HomePhabricator

AMDGPU: Move m0 initializations earlier

Description

AMDGPU: Move m0 initializations earlier

Summary:
After hoisting and merging m0 initializations schedule them as early as
possible in the MBB. This helps the scheduler avoid hazards in some
cases.

Reviewers: rampitec, arsenm

Subscribers: kzhuravl, jvesely, wdng, nhaehnle, yaxunl, dstuttard, tpr, t-tye, hiraditya, arphaman, llvm-commits

Tags: #llvm

Differential Revision: https://reviews.llvm.org/D67450

Details

Committed
kerbowaSep 11 2019, 2:28 PM
Differential Revision
D67450: AMDGPU: Move m0 initializations earlier
Parents
rL371670: gn build: Merge r371661
Branches
Unknown
Tags
Unknown

Event Timeline

arsenm added a subscriber: arsenm.Mon, Oct 7, 10:02 PM
arsenm added inline comments.
/llvm/trunk/lib/Target/AMDGPU/SIFixSGPRCopies.cpp
606–621

I'm attempting to stop reserving M0, and having a lot of trouble with this placement logic. I'm getting placement after terminators in some cases.

The threshold here seems incorrect to use? I don't understand the function of it. If a threshold is valid to use, then it should be possible to simply insert at the beginning of the block without this scan?

kerbowa marked an inline comment as done.Mon, Oct 7, 10:16 PM
kerbowa added inline comments.
/llvm/trunk/lib/Target/AMDGPU/SIFixSGPRCopies.cpp
606–621

The threshold is just a arbitrary limit for the scan, but we do need to check every instruction we want to move past.

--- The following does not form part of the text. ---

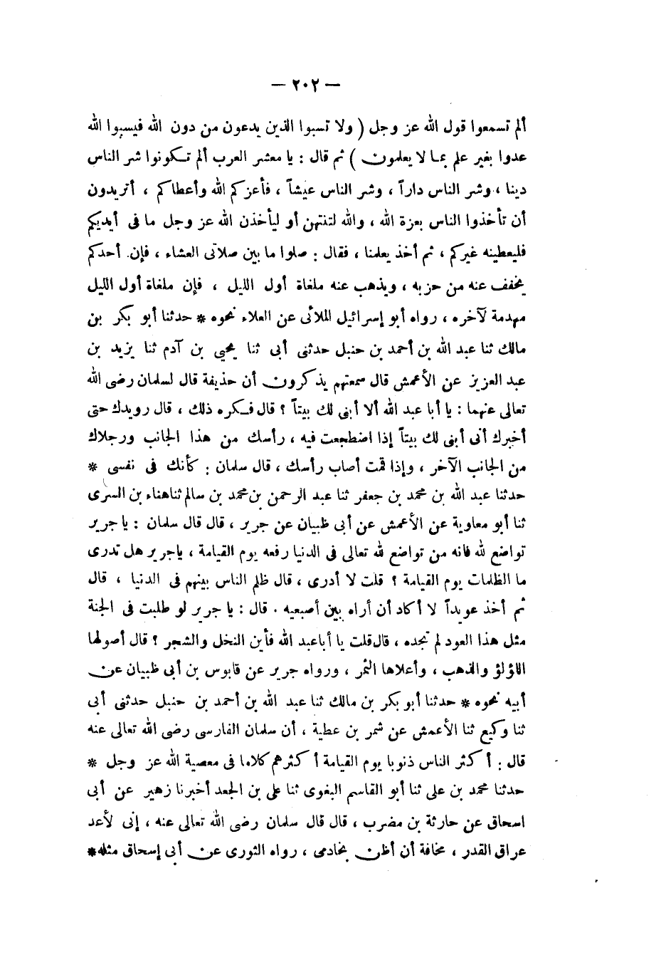 حَدَّثَنَا أَبُو بَكْرِ بْنُ مَالِكٍ، ثَنَا عَبْدُ اللهِ بْنُ أَحْمَدَ بْنِ حَنْبَلٍ، حَدَّثَنِي أَبِي، ثَنَا وَكِيعٌ، ثَنَا الْأَعْمَشُ، عَنْ شِمْرِ بْنِ عَطِيَّةَ، أَنَّ سَلْمَانَ الْفَارِسِيَّ، رَضِيَ اللهُ تَعَالَى عَنْهُ قَالَ: «§أَكْثَرُ النَّاسِ ذُنُوبًا يَوْمَ الْقِيَامَةِ أَكْثَرُهُمْ كَلَامًا فِي مَعْصِيَةِ اللهِ عَزَّ وَجَلَّ»

Placement after terminators is obviously wrong. Do you have an example?

arsenm added inline comments.Tue, Oct 8, 11:31 AM
/llvm/trunk/lib/Target/AMDGPU/SIFixSGPRCopies.cpp
606–621

I think I'm still hitting placement logic issues here, but the specific terminator case I started looking at turns out was already wrong coming out of isel.

kerbowa marked an inline comment as done.Tue, Oct 8, 3:17 PM
kerbowa added inline comments.
/llvm/trunk/lib/Target/AMDGPU/SIFixSGPRCopies.cpp
606–621

We can remove the threshold if you think that's better. This logic limits movement to essentially scheduling regions. We wont move past calls or uses/defs of m0.

It's a different story when doing the merging further above.

If you see some placement issue you can try disabling '-amdgpu-enable-merge-m0' to see if that's the issue.